RECORDS SHOWN:
==============================

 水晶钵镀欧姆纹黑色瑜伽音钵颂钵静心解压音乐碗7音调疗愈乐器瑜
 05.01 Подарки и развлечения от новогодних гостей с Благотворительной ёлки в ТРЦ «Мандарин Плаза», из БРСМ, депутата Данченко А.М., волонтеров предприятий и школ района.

==============================

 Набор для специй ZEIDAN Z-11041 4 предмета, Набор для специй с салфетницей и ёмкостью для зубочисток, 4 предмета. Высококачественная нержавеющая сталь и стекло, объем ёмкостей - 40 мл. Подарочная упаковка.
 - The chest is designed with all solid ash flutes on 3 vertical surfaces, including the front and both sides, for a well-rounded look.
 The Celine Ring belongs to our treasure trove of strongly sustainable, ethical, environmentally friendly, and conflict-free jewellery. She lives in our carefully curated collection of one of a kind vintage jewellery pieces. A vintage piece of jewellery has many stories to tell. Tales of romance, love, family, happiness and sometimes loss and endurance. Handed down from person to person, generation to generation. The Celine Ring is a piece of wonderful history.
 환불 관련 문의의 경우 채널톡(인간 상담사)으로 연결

==============================

PROBLEM REQUIREMENTS:
In the material above, find the line containing "水晶钵镀欧姆纹黑色瑜伽音钵颂钵静心解压音乐碗7音调疗愈乐器瑜" and the line containing "05.01 Подарки и", then write out exactly those two lines and every line between them, and nothing more.

EXERCISE RESULT:
 水晶钵镀欧姆纹黑色瑜伽音钵颂钵静心解压音乐碗7音调疗愈乐器瑜
 05.01 Подарки и развлечения от новогодних гостей с Благотворительной ёлки в ТРЦ «Мандарин Плаза», из БРСМ, депутата Данченко А.М., волонтеров предприятий и школ района.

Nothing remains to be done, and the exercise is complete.